▶ _Exercise details_
Text only, exactly as given: reproduce the entries below without their pictures.

▶ _Supplied material_
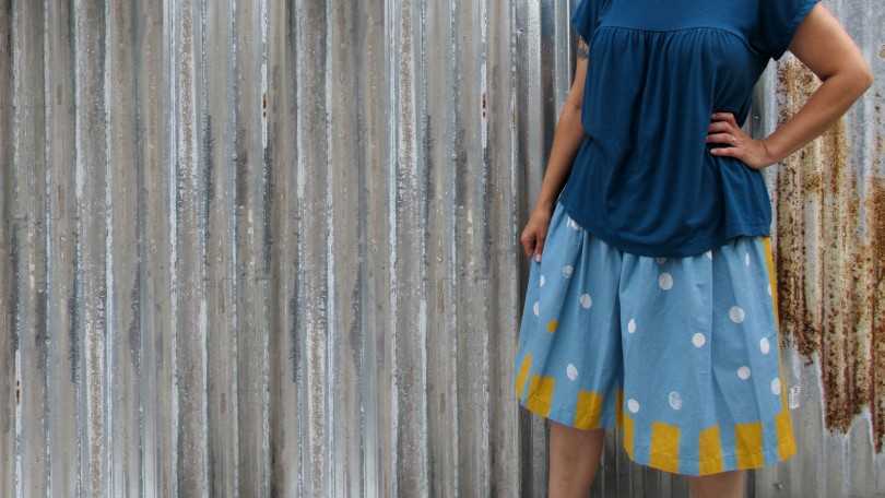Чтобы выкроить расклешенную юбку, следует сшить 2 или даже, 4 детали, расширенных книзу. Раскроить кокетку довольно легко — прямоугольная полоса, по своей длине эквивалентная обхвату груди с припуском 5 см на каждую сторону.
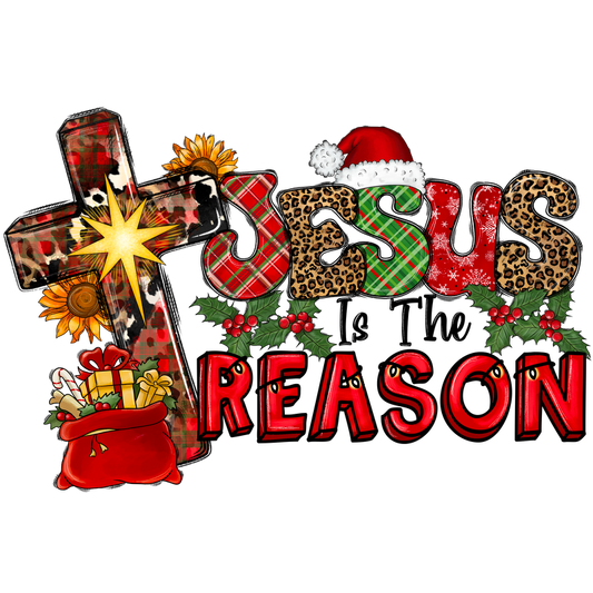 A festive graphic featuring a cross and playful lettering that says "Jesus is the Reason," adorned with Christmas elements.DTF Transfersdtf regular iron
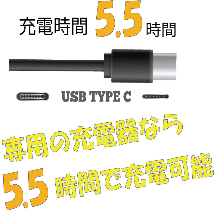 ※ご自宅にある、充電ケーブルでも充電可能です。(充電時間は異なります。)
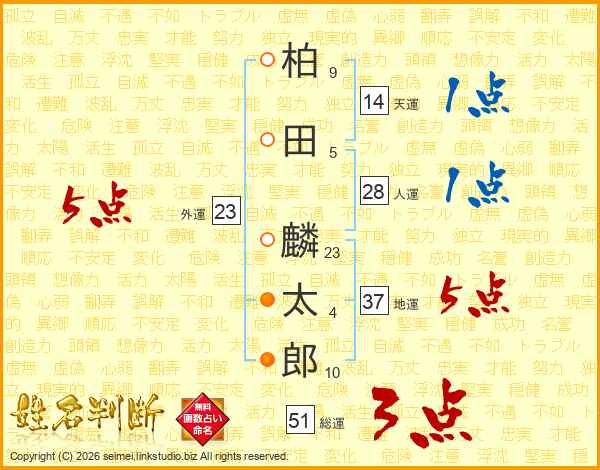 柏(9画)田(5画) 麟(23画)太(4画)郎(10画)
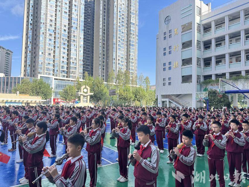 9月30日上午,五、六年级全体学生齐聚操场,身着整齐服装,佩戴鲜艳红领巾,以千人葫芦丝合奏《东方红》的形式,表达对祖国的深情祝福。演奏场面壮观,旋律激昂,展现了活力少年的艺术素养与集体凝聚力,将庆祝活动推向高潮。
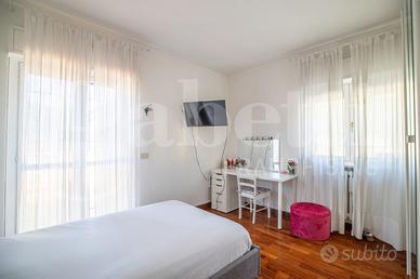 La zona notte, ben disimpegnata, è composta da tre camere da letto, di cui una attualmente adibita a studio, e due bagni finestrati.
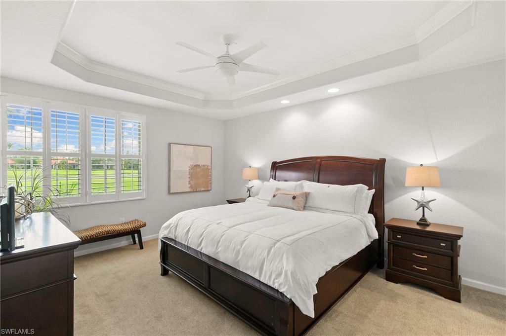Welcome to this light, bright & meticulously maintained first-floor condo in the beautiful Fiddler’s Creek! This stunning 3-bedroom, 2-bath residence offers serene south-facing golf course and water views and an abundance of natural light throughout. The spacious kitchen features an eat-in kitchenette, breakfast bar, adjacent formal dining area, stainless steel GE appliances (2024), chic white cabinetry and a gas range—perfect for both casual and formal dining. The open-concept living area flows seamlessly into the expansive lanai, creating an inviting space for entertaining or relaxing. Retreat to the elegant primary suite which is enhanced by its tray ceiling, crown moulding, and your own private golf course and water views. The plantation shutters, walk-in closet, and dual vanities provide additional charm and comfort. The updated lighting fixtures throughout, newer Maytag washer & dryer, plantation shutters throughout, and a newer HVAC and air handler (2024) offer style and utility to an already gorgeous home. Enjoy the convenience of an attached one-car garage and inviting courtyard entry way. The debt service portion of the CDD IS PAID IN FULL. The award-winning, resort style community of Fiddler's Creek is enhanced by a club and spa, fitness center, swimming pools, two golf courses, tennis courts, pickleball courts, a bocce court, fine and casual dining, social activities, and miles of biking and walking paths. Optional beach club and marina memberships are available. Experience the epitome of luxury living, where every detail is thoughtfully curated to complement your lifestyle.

▶ _Answer to this problem_
Чтобы выкроить расклешенную юбку, следует сшить 2 или даже, 4 детали, расширенных книзу. Раскроить кокетку довольно легко — прямоугольная полоса, по своей длине эквивалентная обхвату груди с припуском 5 см на каждую сторону.
 A festive graphic featuring a cross and playful lettering that says "Jesus is the Reason," adorned with Christmas elements.DTF Transfersdtf regular iron
 ※ご自宅にある、充電ケーブルでも充電可能です。(充電時間は異なります。)
 柏(9画)田(5画) 麟(23画)太(4画)郎(10画)
 9月30日上午,五、六年级全体学生齐聚操场,身着整齐服装,佩戴鲜艳红领巾,以千人葫芦丝合奏《东方红》的形式,表达对祖国的深情祝福。演奏场面壮观,旋律激昂,展现了活力少年的艺术素养与集体凝聚力,将庆祝活动推向高潮。
 La zona notte, ben disimpegnata, è composta da tre camere da letto, di cui una attualmente adibita a studio, e due bagni finestrati.
Welcome to this light, bright & meticulously maintained first-floor condo in the beautiful Fiddler’s Creek! This stunning 3-bedroom, 2-bath residence offers serene south-facing golf course and water views and an abundance of natural light throughout. The spacious kitchen features an eat-in kitchenette, breakfast bar, adjacent formal dining area, stainless steel GE appliances (2024), chic white cabinetry and a gas range—perfect for both casual and formal dining. The open-concept living area flows seamlessly into the expansive lanai, creating an inviting space for entertaining or relaxing. Retreat to the elegant primary suite which is enhanced by its tray ceiling, crown moulding, and your own private golf course and water views. The plantation shutters, walk-in closet, and dual vanities provide additional charm and comfort. The updated lighting fixtures throughout, newer Maytag washer & dryer, plantation shutters throughout, and a newer HVAC and air handler (2024) offer style and utility to an already gorgeous home. Enjoy the convenience of an attached one-car garage and inviting courtyard entry way. The debt service portion of the CDD IS PAID IN FULL. The award-winning, resort style community of Fiddler's Creek is enhanced by a club and spa, fitness center, swimming pools, two golf courses, tennis courts, pickleball courts, a bocce court, fine and casual dining, social activities, and miles of biking and walking paths. Optional beach club and marina memberships are available. Experience the epitome of luxury living, where every detail is thoughtfully curated to complement your lifestyle.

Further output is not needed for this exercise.